## INFORMATION SHOWN

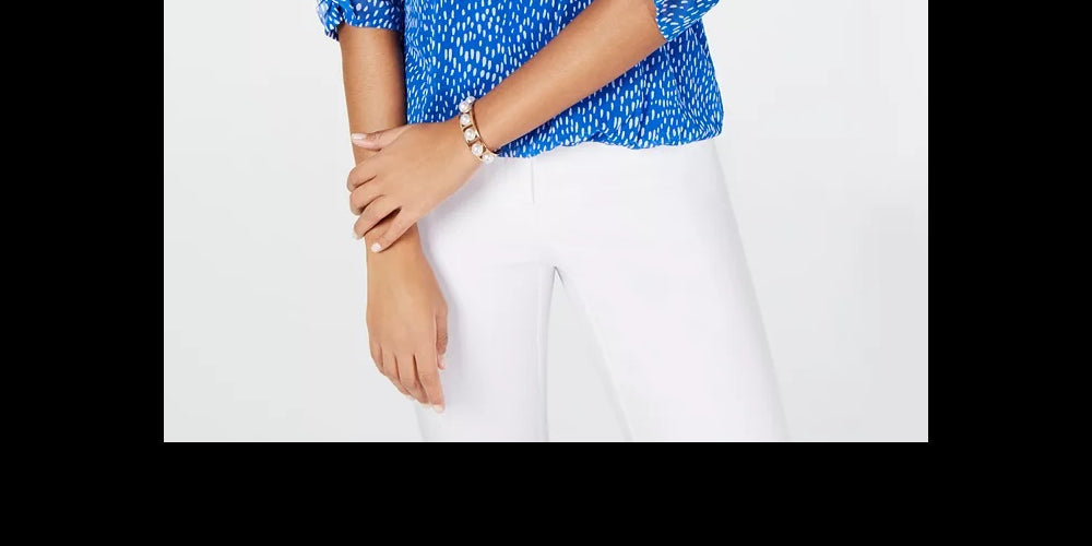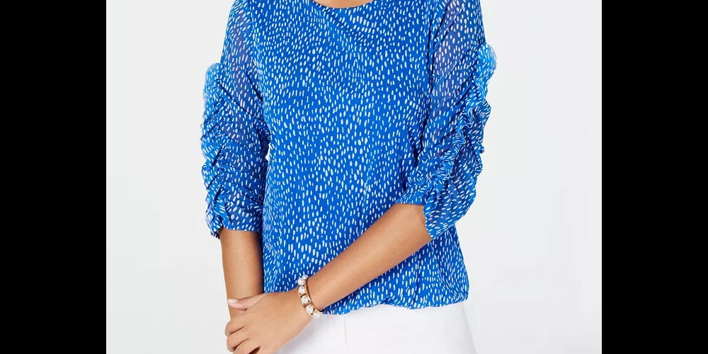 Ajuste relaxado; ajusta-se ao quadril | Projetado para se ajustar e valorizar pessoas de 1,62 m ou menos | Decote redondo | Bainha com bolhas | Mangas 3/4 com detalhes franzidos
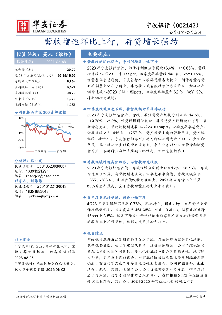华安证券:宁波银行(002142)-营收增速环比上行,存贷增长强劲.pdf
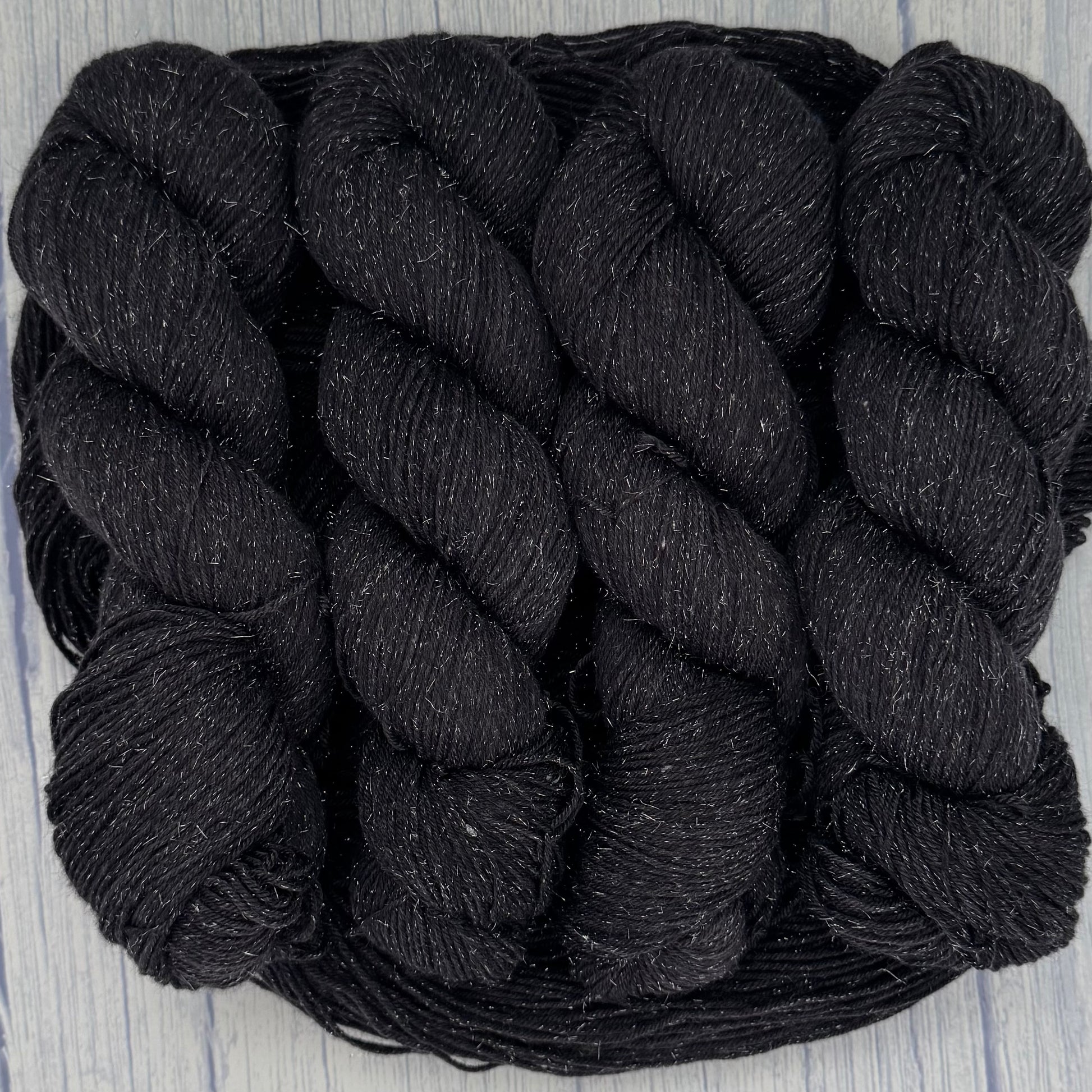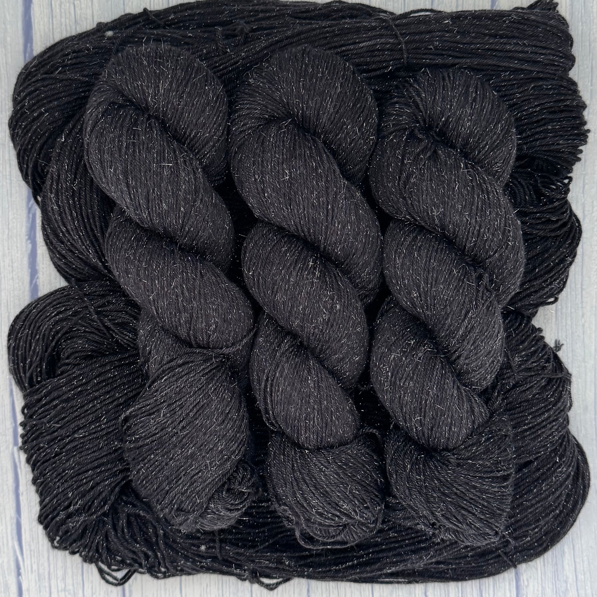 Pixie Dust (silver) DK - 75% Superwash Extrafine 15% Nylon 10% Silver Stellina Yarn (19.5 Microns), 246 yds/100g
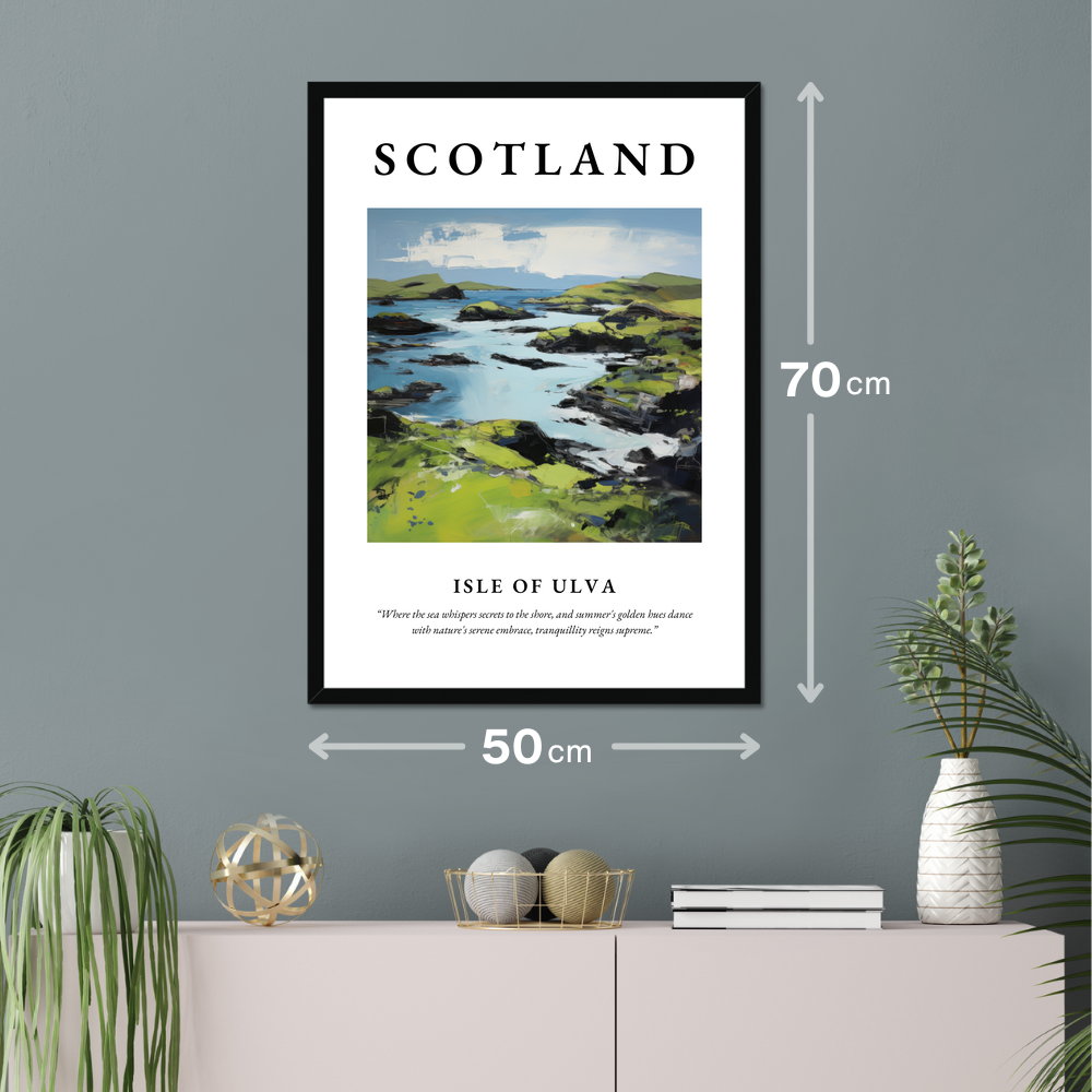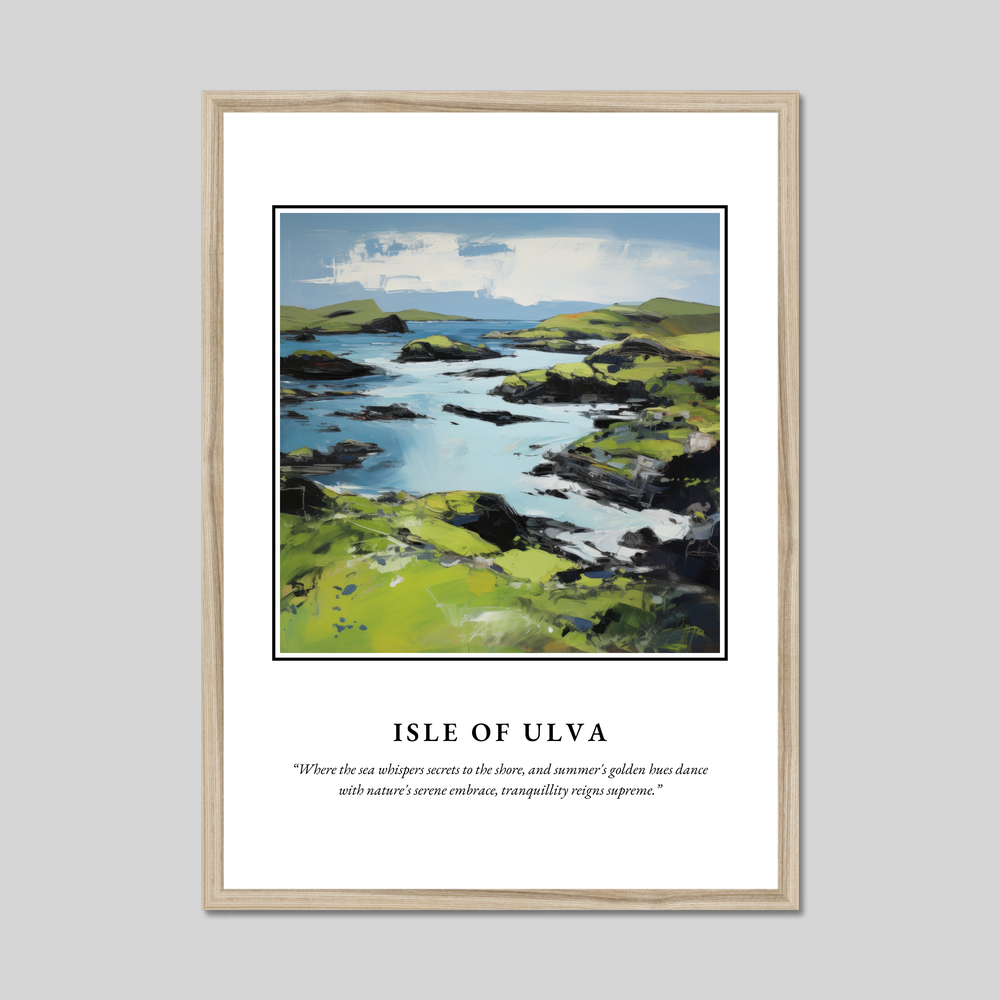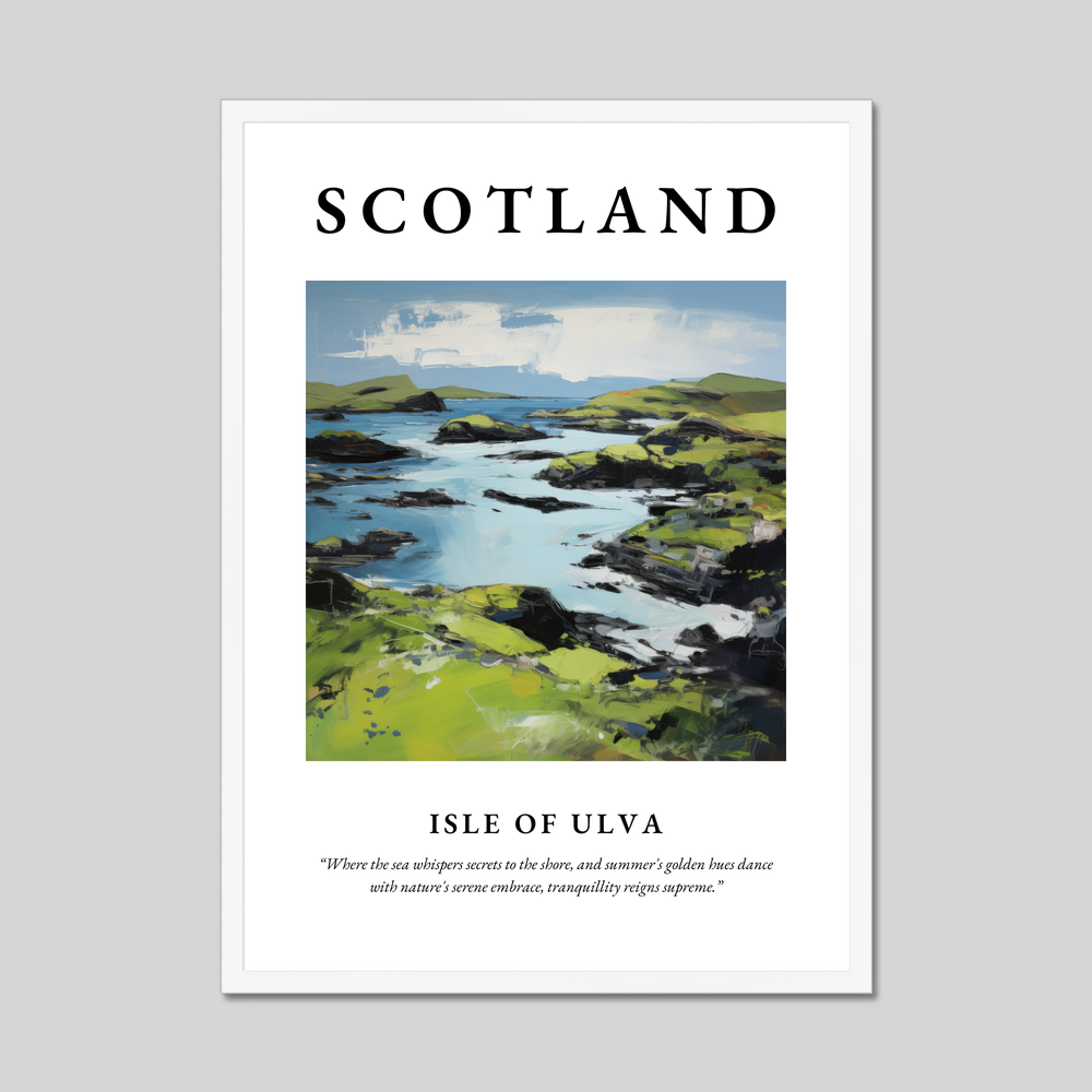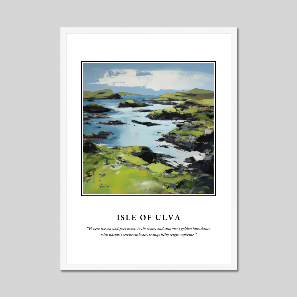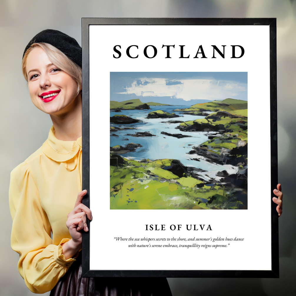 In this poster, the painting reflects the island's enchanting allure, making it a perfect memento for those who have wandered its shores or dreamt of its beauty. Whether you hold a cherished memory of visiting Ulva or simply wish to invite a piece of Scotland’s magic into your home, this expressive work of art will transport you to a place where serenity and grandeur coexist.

## TO DO
Write out the line that contains "华安证券:宁波银行(002142)-营收增速环比上行,存贷增长强劲.pdf" and every line after it to the end of the data, exactly as they stand. Omit the pictures.

## EXERCISE ANSWER
华安证券:宁波银行(002142)-营收增速环比上行,存贷增长强劲.pdf
 Pixie Dust (silver) DK - 75% Superwash Extrafine 15% Nylon 10% Silver Stellina Yarn (19.5 Microns), 246 yds/100g
 In this poster, the painting reflects the island's enchanting allure, making it a perfect memento for those who have wandered its shores or dreamt of its beauty. Whether you hold a cherished memory of visiting Ulva or simply wish to invite a piece of Scotland’s magic into your home, this expressive work of art will transport you to a place where serenity and grandeur coexist.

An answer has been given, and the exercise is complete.